* _Assignment_: In your copy, include every record exactly and no pictures.

* _Supplied material_:
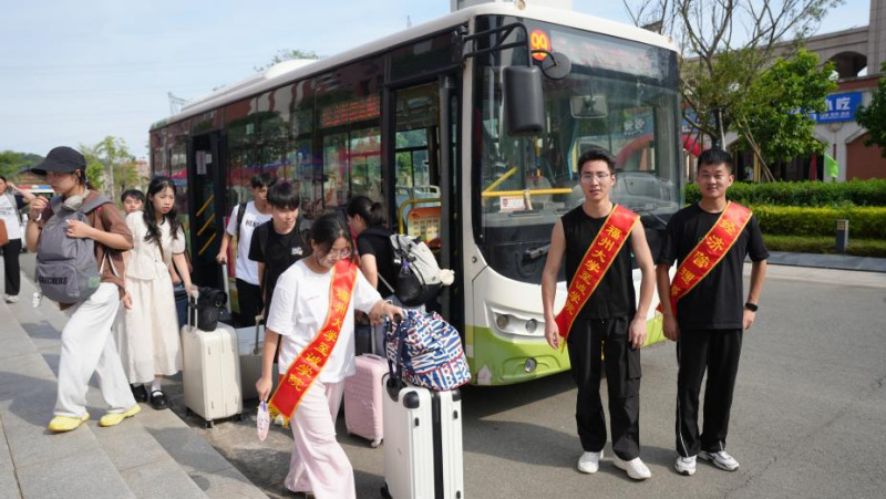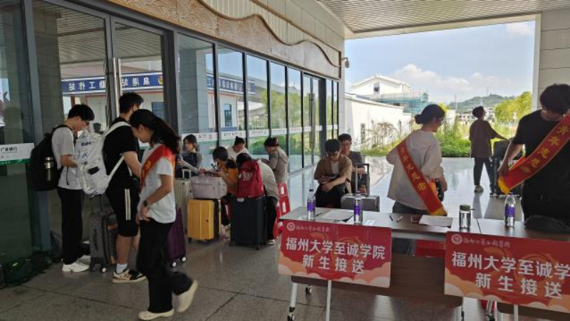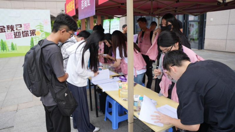 学生志愿者为新生指引路线、搬运行李、热情解答问题
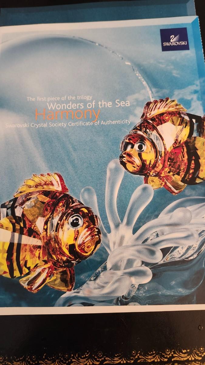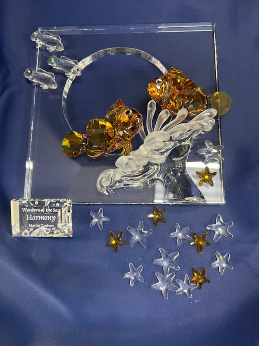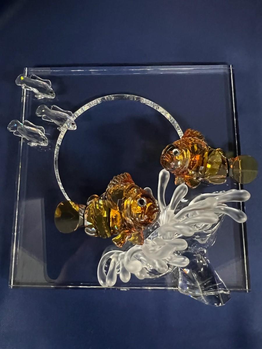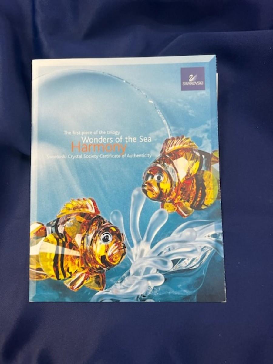 Hallmarked with Swarovski acid stamped mark, Featuring clear fish, topaz clown fish and matt crystal anemone on display stand. Rare and collectible. Includes nameplate, box of small starfish, and the base. Looks new.
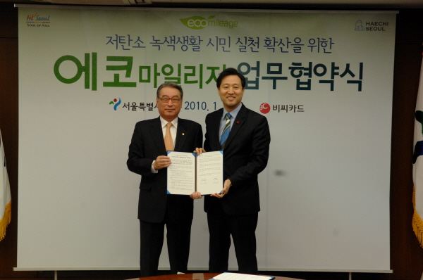<사진=비씨카드 장형덕 사장(좌측)은 27일 오전 서울시청에서 오세훈 서울특별시장과 에코마일리지 카드 사업에 관한 협약을 체결했다.> |
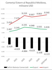 În paralel, importurile cresc constant, atingând în aprilie 2025 valoarea de 9,54 miliarde USD. Ioniță avertizează că, în ritmul actual, Republica Moldova va depăși pentru prima dată în istorie pragul de 10 miliarde USD la importuri în lunile următoare.
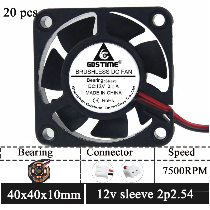 Охлаждающий вентилятор Gdstime для 3D-принтера, 12 В, 40 мм, 4 см, 4010 мм, 20 шт.
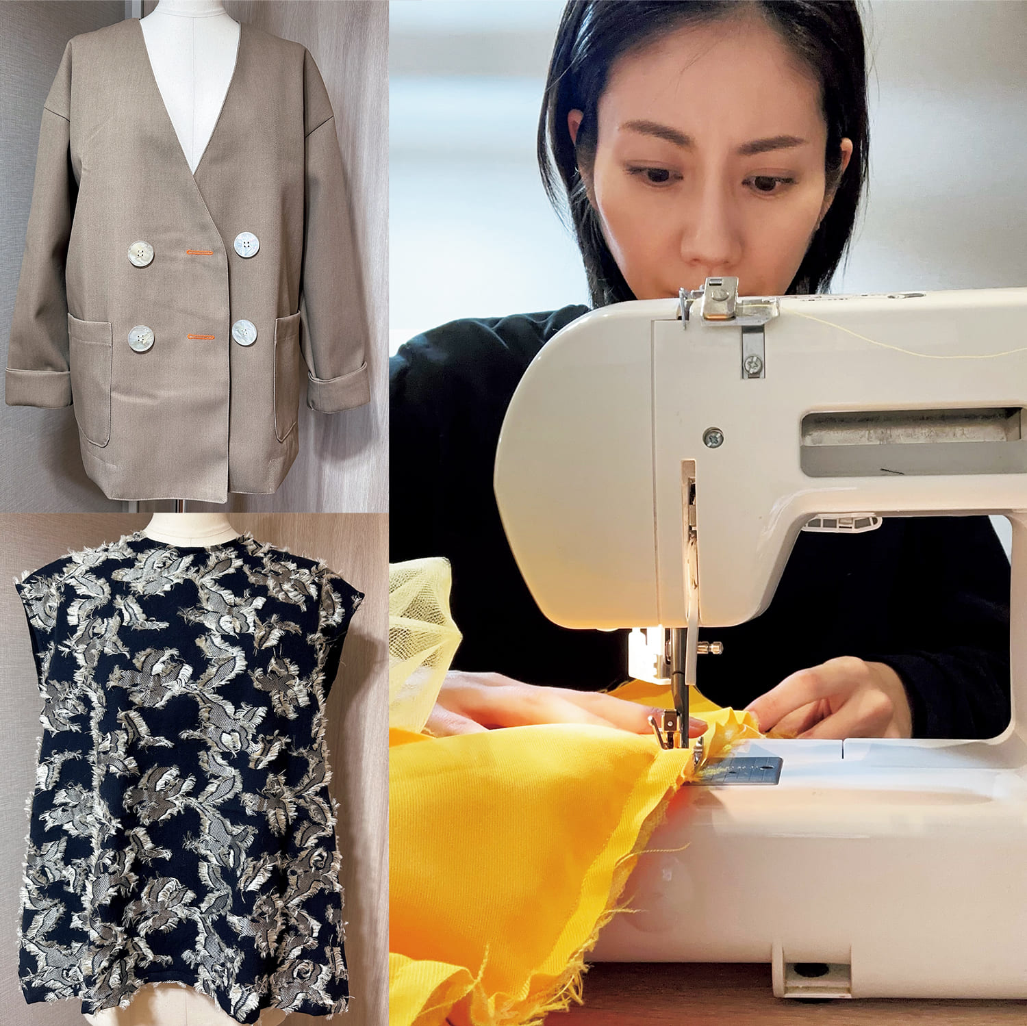 「本格的なミシンを購入し、1日で1着作ることも。ジャケットは今回の取材当日にパンツとのセットアップで着ていったもの。トップスはこの生地にひとめぼれして作りました。次に作りたいのはコート!」
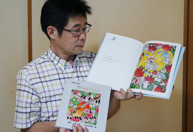 絵本を手にする西野友章さん
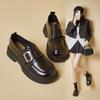 Mocassins de Couro Genuíno para Mulheres 2024 Bico Redondo Preto Estilo Pequeno Fragrante Sapatilhas Estilo Japonês Jk Sapatos de Couro Pequenos para Mulheres Primavera Novos Sapatos Femininos

* _Answer to the problem_:
 学生志愿者为新生指引路线、搬运行李、热情解答问题
 Hallmarked with Swarovski acid stamped mark, Featuring clear fish, topaz clown fish and matt crystal anemone on display stand. Rare and collectible. Includes nameplate, box of small starfish, and the base. Looks new.
<사진=비씨카드 장형덕 사장(좌측)은 27일 오전 서울시청에서 오세훈 서울특별시장과 에코마일리지 카드 사업에 관한 협약을 체결했다.> |
 În paralel, importurile cresc constant, atingând în aprilie 2025 valoarea de 9,54 miliarde USD. Ioniță avertizează că, în ritmul actual, Republica Moldova va depăși pentru prima dată în istorie pragul de 10 miliarde USD la importuri în lunile următoare.
 Охлаждающий вентилятор Gdstime для 3D-принтера, 12 В, 40 мм, 4 см, 4010 мм, 20 шт.
 「本格的なミシンを購入し、1日で1着作ることも。ジャケットは今回の取材当日にパンツとのセットアップで着ていったもの。トップスはこの生地にひとめぼれして作りました。次に作りたいのはコート!」
 絵本を手にする西野友章さん
 Mocassins de Couro Genuíno para Mulheres 2024 Bico Redondo Preto Estilo Pequeno Fragrante Sapatilhas Estilo Japonês Jk Sapatos de Couro Pequenos para Mulheres Primavera Novos Sapatos Femininos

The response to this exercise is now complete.